When the bakers arrived, ingredients, bowls, and utensils awaited at each place.
When the bakers arrived, ingredients, bowls, and utensils awaited at each place.

It was an event that brought Jewish women from throughout central New Jersey together to enjoy some camaraderie, perform a mitzva, and just have fun. 

The 365 women and girls who participated in the “Mega Challah Bake” Jan. 22 at the Radisson Hotel in Freehold were each provided with premeasured flour and other ingredients, a large silver mixing bowl, utensils, and cloth to drape over the bowl while the dough rose.

In between the mixing, kneading, and braiding of the loaves, the women sang and heard explanations of the laws, traditions, and spiritual benefits associated with making and eating the special bread served on Shabbat and holidays. 

The event was jointly hosted by the Chabad of Western Monmouth County and its Friendship Circle of Central Jersey as well as other area Chabad Houses. 

Friendship Circle director Chana’le Wolosow told the crowd, which ranged from little girls who came with their mothers to older women, that she could “feel the good energy” in the room and reminded the crowd, “If you make hallah, your family will love you for it…. Women are the foundation of the entire world.”

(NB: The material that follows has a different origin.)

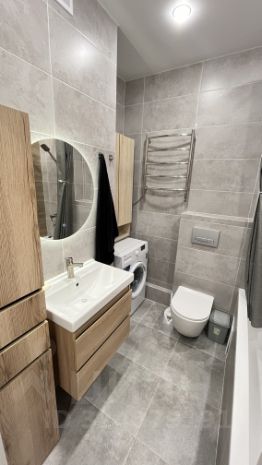 - Ванная комната со стиральной машиной, инсталляцией, зеркалом с подсветкой, удобными шкафами для хранения и самой ванной.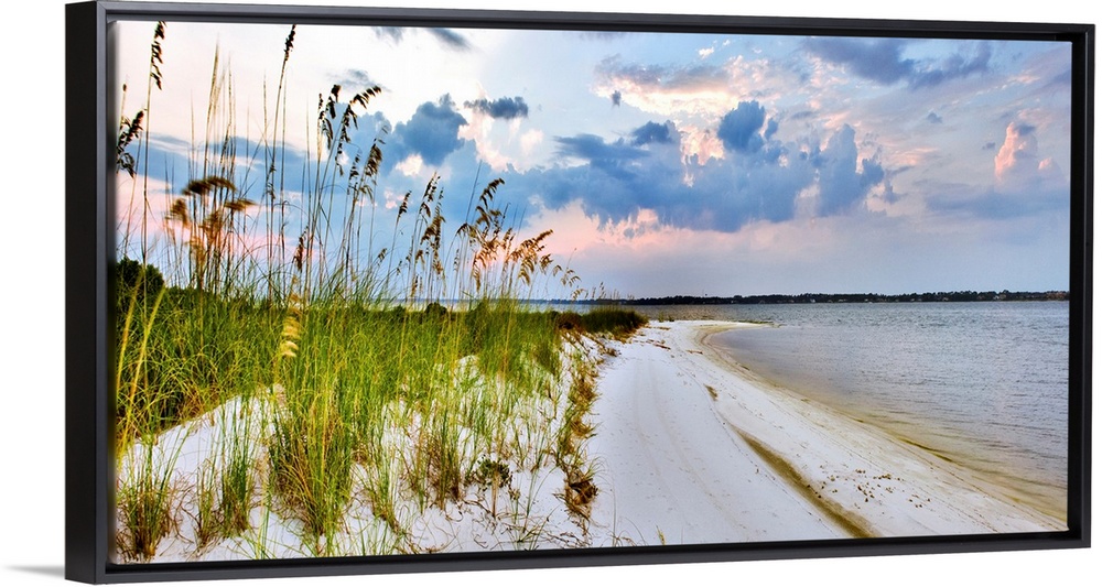 <p>A panoramic with blue and purple clouds over a grassy beach. Sea Oats can be seen reaching into the sky. Landscape taken near Navarre, Florida.</p>

“When I make hallah, usually on Thursday afternoon, I think of the thousands of women all over the globe who are making it at the same time,” said Wolosow, noting that because making hallah is specifically a woman’s mitzva, all channels are open to ask for blessings for herself and loved ones.

Friendship Circle volunteer coordinator Moushkie Volovik explained the spiritual significance of the seven ingredients in hallah: yeast, representing Jewish pride; sugar, sweetness; water, light; eggs, renewal of life’s potential; flour, sustenance; and salt, which stands for rebuke or criticism because in both cases, “You should use only a little bit.”

Tova Chazanow, codirector of the WMC Chabad, noted that in the Book of Exodus, now being read during synagogue services, it is written that the Israelites were freed “because of the merit of their righteous women.” 

The participants, who got to take their prepared loaves home to bake, came for a variety of reasons.

Hannah Friedman, 19, of East Brunswick said that after a friend asked her to attend, she thought, “Cool, I haven’t baked hallah in a really long time. I just saw an opportunity.”

Terry Stein of Freehold, who was baking hallah for the third time, said a friend of hers had been so inspired by learning to bake the bread, she now bakes about seven loaves a week to serve to a large Shabbat gathering. 

Terry Gross came with her two adult daughters, Beth Katznelson and Farrah Maliavsky, all from Manalapan. Gross recalled hearing her own grandmother talk about making hallah every week in her native Poland, preparing the loaves at home and bringing them to a central oven in town to bake. 

“I also have three granddaughters so I’ll now be able to pass the tradition on to them,” said Gross. “Wait until I tell my mother. She’ll be so excited.”